This new model, developed by a research team at the University of Michigan, revealed potentially important aspects of fibrosis and its progression not seen in the earlier models. Namely, it showed that high fiber density, rather than tissue stiffening, affected the behavior of cells in ways similar to what happens in patients’ lung tissue, the researchers stated.

This 3D model can help in the study of fibrosis and in better identifying antifibrotic therapies, some 90% of which show promise in animal work but “fail to translate to clinical settings,” the team added.

The study describing the model, “Microengineered 3D pulmonary interstitial mimetics highlight a critical role for matrix degradation in myofibroblast differentiation” was published in the journal Science Advances.

PF is characterized by scarring (fibrosis) of lung tissue, which leads to tissue stiffening in alveoli — the tiny air sacs in the lungs responsible for gas exchange — and ultimately to difficulties in breathing.

Its causes are not fully understood, but fibroblasts — cells found in a type of lung tissue called interstitium — are known to play a key role in fibrotic processes.

After an injury, lung tissue sends mechanical signals that activate fibroblasts, converting them into myofibroblasts. Paradoxically, if myofibroblasts are properly controlled, they play a critical role in wound healing; when they get out of control, they produce an excess of proteins in the lungs that ultimately result in scar tissue.

Research today is focused on treatments better able to relieve disease symptoms or slow its progression. But the effective of therapies are difficult to replicate in 2D conditions, where cells are grown on flat plastic materials such as Petri dishes or on hydrogel surfaces, the researchers wrote.

In fact, 2D models often fail to recreate what happens in the human body to accurately spot those therapeutic compounds most likely to help patients.

Previous “models use patient-derived cells that are affordable, scalable, and amenable to microscopy,” the researchers wrote, “but often fail to recapitulate the complex 3D matrix structure of the interstitial tissue regions where fibrotic diseases … originate.”

To address this limitation, researchers at the University of Michigan developed a new 3D tissue engineered model of fibrotic lung tissue.

The team constructed a multicomponent hydrogel representing a 3D lung interstitium — the tissue where fibroblasts are located and fibrosis begins. Their goal was to understand how mechanical signals from lung tissue influence fibroblast behavior and PF progression.

“Our lung tissue model looks and behaves similarly to what we have observed when imaging real lung tissue,” Brendon Baker, PhD, the study’s lead author and an assistant professor at Michigan, said in a university press release.

According to the team, research in PF has been focused on targeting the considerable lung stiffening seen in patients. But these researchers believe that targeting stiffness alone is not enough to stop disease progression in patients, even if it works in cells cultivated in dish models.

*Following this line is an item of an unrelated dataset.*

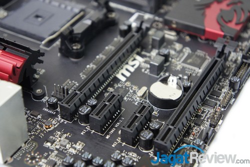 MSI menyediakan empat buah slot DDR3 dengan dukungan kapasitas memory hingga 32 GB (max 8 GB per slot). Sementara itu, untuk kecepatan memori, motherboard ini mendukung penggunaan memori hingga 2400 Mhz. Tidak jauh dari slot memori, dapat ditemukan juga onboard button serta switch slow mode.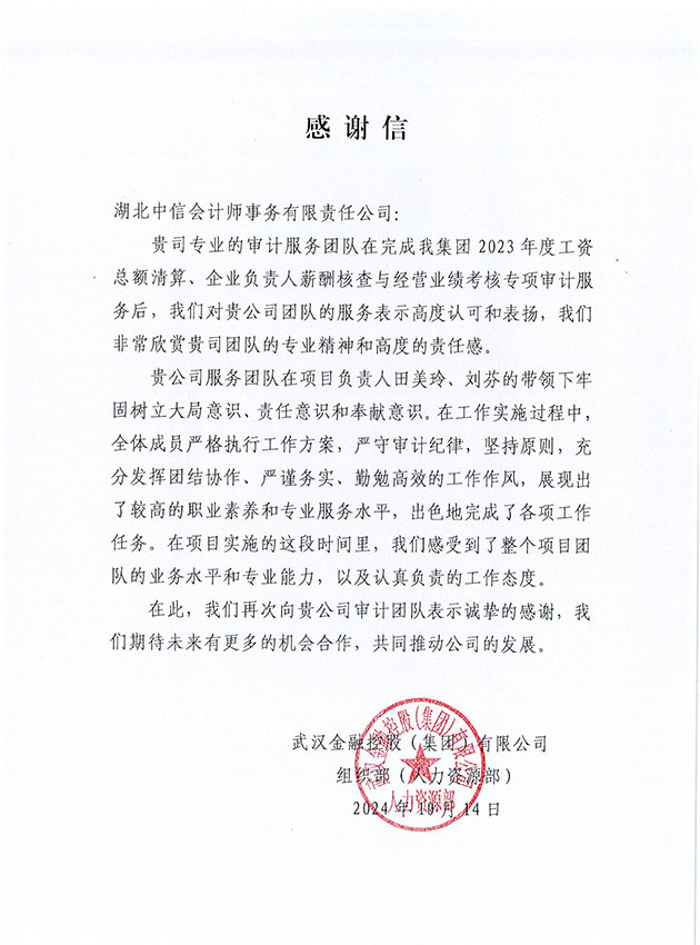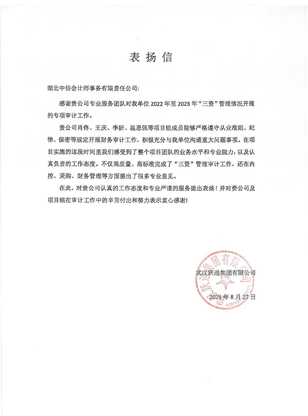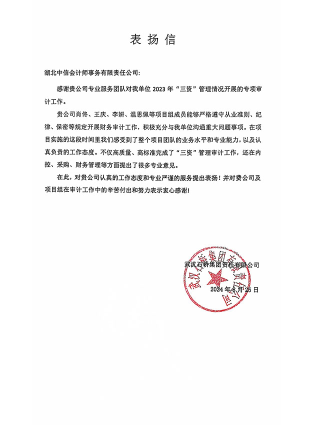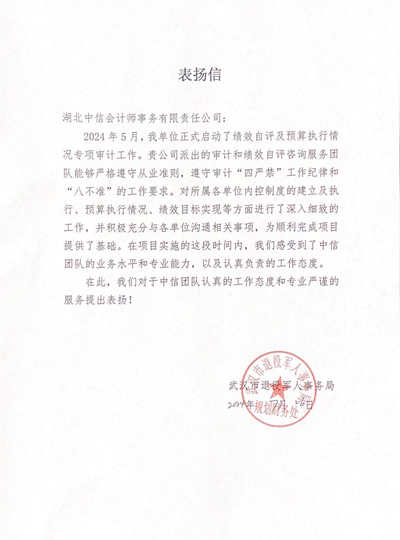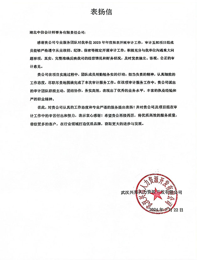 武漢興邦人力資源開發(fā)有限公司表揚信

They first analyzed how tissue stiffening leads to the production of myofibroblasts in both a 2D and their 3D model.

Results differed between these models. Myofibroblast production was inversely correlated with hydrogel stiffness in the 3D model — meaning that greater stiffness resulted in lesser myofibroblasts and thus lesser scar tissue — while greater stiffness in 2D models resulted in increased myofibroblast production and activation.

“Even in cells from the same patient, we saw different outcomes,” said Daniel Matera, the study’s first author. “When we introduced stiffness into the 2D testing environment, it activated myofibroblasts, essentially creating scar tissue.

“When we introduced that same kind of stiffness into our 3D testing environment, it prevented or slowed the activation of myofibroblasts, stopping or slowing the creation of scar tissue,” Matera added.

Researchers then investigated whether changes in fiber density, reflecting fibrosis-associated alterations, could influence myofibroblasts in their 3D model.

They found that greater fiber density promoted myofibroblast production and activation in this model.

“Heightened fiber density promotes a fibrotic phenotype … despite the absence of a stiff surrounding hydrogel,” the researchers wrote.

These “findings demonstrate a clear influence of fiber density on [myofibroblast] differentiation and phenotype in 3D and furthermore suggest that this in vitro model recapitulates key pathogenic events associated with the progression of fibrosis in vivo,” they added.

Using bioinformatics, researchers also saw that the activity of matrix metalloproteinases — proteins responsible for the degradation of most extracellular matrix proteins during growth and normal tissue turnover — is essential for myofibroblast activation in 3D, but not in more simplified 2D, settings.

To further underscore differences between this 3D model and earlier models, the team tested several antifibrotic agents — including Esbriet (pirfenidone, marketed by Genentech) and Ofev (nintedanib, by Boehringer Ingelheim), approved therapies for idiopathic pulmonary fibrosis (IPF).

The antifibrotic effects of these two therapies were evident in the 3D model, but not in 2D tissue culture models traditionally used for compound screening.

“Recreating the 3D fibrous structure of the lung interstitium allowed us to confirm effective drugs that wouldn’t be identified as hits in traditional screening settings,” Baker said. “Patient cells within our model can actively stiffen, degrade or remodel their own environment just like they do in disease.”

Future work on this model may allow it to serve as a more reliable platform for testing potential PF treatments, the researchers wrote.

Overall, these results “demonstrate a departure from the established relationship between stiffness and myofibroblast differentiation in 2D, and provide a new 3D model for studying fibrosis and identifying antifibrotic therapeutics,” the team concluded.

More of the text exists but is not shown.